▶ _Prompt_
In the records below, find the line with "HEPU HP-S01 20W" and repeat exactly every line from it through the line with "Multipart Job Work". Pictures stay out.

Extracted data below:

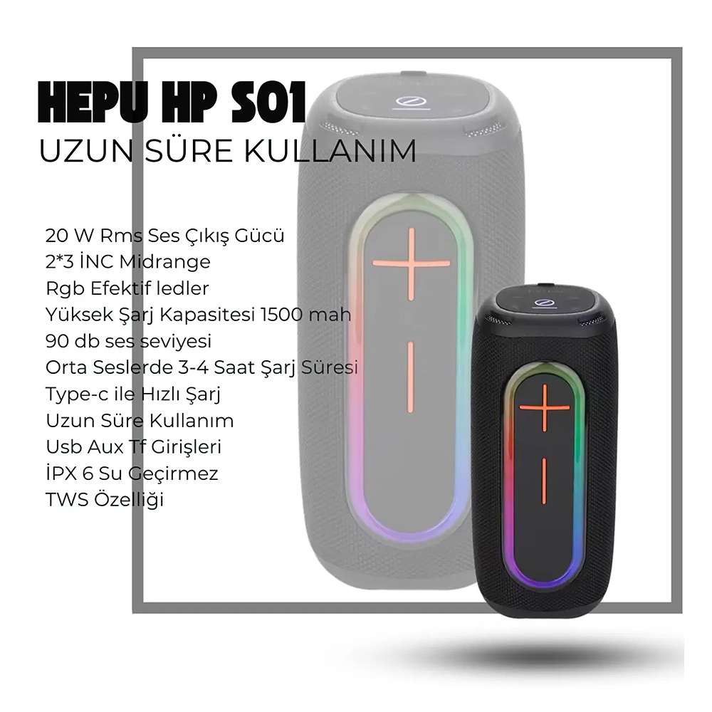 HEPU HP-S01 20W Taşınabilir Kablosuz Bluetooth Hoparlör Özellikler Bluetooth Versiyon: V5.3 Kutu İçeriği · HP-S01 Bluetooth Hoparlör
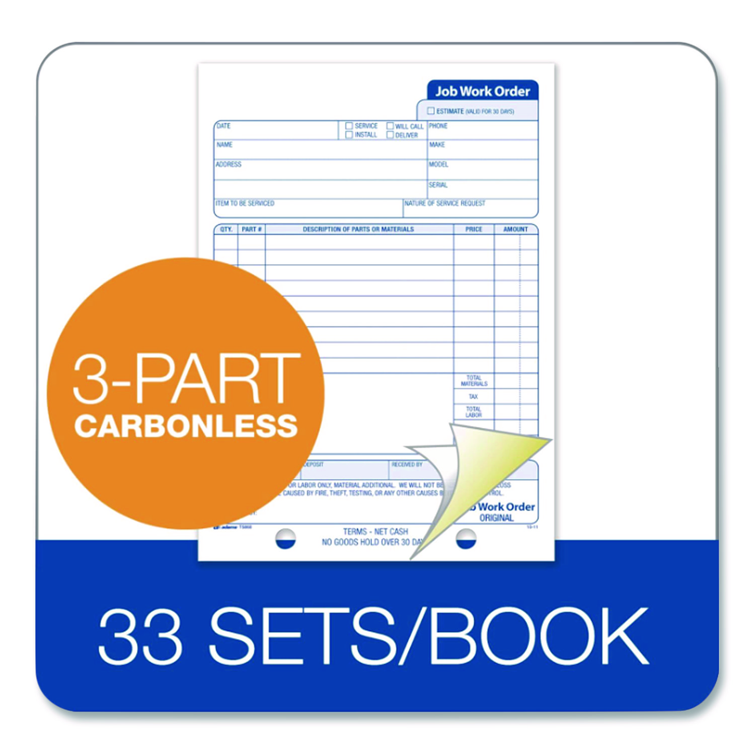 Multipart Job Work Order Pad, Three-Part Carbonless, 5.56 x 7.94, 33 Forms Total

End of Extracted data.
Extracted data below:

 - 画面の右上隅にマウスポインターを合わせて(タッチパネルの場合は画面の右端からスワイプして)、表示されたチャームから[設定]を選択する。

End of Extracted data.
Extracted data below:

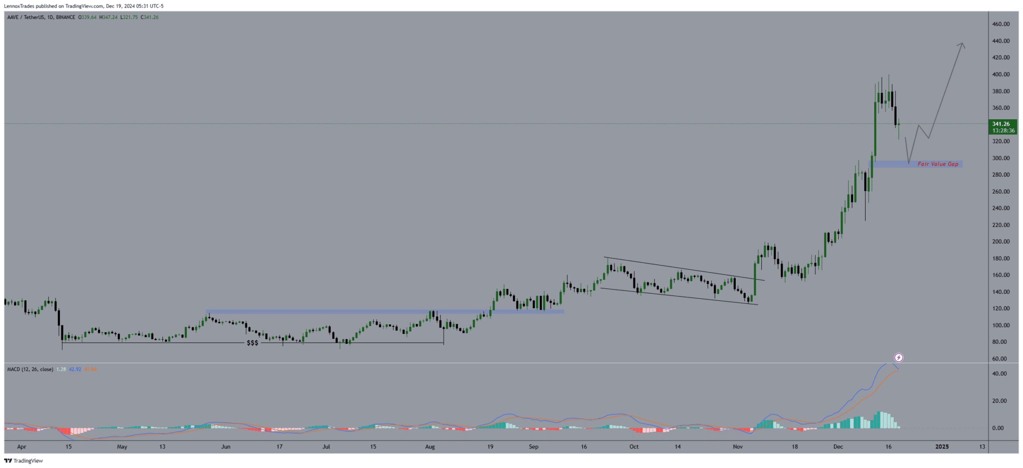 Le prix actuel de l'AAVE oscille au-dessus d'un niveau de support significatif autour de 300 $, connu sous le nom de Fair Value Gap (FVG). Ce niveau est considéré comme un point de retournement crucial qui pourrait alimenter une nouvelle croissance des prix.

End of Extracted data.

▶ _Reply to the task_
 HEPU HP-S01 20W Taşınabilir Kablosuz Bluetooth Hoparlör Özellikler Bluetooth Versiyon: V5.3 Kutu İçeriği · HP-S01 Bluetooth Hoparlör
 Multipart Job Work Order Pad, Three-Part Carbonless, 5.56 x 7.94, 33 Forms Total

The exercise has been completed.